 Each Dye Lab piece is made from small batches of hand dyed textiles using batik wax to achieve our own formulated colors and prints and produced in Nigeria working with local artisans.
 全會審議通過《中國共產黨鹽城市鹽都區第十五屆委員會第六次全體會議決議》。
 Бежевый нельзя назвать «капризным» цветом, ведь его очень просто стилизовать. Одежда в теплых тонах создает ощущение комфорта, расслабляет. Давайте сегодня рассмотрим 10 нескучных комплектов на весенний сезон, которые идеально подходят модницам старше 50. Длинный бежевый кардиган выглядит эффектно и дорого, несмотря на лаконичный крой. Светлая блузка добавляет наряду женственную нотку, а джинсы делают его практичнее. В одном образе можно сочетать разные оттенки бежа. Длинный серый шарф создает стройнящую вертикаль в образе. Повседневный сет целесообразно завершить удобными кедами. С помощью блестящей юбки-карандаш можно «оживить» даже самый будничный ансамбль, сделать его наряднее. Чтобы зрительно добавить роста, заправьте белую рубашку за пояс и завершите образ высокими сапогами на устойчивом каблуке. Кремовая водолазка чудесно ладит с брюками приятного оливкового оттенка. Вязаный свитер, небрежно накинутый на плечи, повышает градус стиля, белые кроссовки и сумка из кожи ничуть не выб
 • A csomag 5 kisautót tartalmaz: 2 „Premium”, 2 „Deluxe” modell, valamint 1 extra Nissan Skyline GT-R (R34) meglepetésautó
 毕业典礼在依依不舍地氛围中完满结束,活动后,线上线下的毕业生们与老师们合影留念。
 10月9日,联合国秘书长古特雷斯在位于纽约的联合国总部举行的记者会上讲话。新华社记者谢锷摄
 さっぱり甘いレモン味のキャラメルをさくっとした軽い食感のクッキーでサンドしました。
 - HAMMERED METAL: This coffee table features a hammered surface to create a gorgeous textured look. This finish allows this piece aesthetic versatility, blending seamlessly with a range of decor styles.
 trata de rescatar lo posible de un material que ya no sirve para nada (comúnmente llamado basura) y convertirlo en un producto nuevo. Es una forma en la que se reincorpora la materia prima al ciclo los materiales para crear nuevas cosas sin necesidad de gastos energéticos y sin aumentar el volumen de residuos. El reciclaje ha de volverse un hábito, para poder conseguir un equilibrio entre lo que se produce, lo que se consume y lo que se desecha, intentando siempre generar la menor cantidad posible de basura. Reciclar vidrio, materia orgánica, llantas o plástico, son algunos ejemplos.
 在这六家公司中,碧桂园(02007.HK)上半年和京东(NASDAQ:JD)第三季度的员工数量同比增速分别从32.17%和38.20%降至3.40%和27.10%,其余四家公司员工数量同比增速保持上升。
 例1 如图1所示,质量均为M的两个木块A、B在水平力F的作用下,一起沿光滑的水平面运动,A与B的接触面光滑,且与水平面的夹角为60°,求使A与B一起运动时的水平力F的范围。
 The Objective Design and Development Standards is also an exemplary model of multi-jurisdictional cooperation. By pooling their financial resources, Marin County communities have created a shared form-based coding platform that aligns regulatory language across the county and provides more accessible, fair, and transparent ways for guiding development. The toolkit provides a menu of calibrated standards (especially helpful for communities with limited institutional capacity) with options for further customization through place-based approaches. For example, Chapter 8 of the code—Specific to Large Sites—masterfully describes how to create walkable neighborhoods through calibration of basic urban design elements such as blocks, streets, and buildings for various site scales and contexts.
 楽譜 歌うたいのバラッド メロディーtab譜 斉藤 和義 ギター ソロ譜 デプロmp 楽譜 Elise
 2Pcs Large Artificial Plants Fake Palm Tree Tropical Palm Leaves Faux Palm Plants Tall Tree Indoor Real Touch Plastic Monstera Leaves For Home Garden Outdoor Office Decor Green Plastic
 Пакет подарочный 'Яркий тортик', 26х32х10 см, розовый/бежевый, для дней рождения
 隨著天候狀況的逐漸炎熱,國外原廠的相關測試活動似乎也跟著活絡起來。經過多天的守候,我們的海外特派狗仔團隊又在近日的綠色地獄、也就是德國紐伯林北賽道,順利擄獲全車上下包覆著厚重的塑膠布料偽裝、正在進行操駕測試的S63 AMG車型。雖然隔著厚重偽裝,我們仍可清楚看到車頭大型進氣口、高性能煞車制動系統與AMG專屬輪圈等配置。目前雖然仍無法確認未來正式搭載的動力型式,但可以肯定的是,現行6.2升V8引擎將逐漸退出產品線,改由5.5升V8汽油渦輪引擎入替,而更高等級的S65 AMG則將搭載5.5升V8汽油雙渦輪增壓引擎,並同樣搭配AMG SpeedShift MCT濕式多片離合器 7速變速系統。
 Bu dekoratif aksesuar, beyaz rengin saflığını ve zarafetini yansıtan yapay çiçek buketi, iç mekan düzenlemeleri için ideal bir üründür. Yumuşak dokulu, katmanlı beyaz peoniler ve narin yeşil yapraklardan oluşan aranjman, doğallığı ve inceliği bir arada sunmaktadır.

### TASK:
Each line from the start of the listing through the line with "全會審議通過《中國共產黨鹽城市鹽都區第十五屆委員會第六次全體會議決議》。" is to be restated verbatim, both ends included.

### SOLUTION TO THIS EXERCISE:
 Each Dye Lab piece is made from small batches of hand dyed textiles using batik wax to achieve our own formulated colors and prints and produced in Nigeria working with local artisans.
 全會審議通過《中國共產黨鹽城市鹽都區第十五屆委員會第六次全體會議決議》。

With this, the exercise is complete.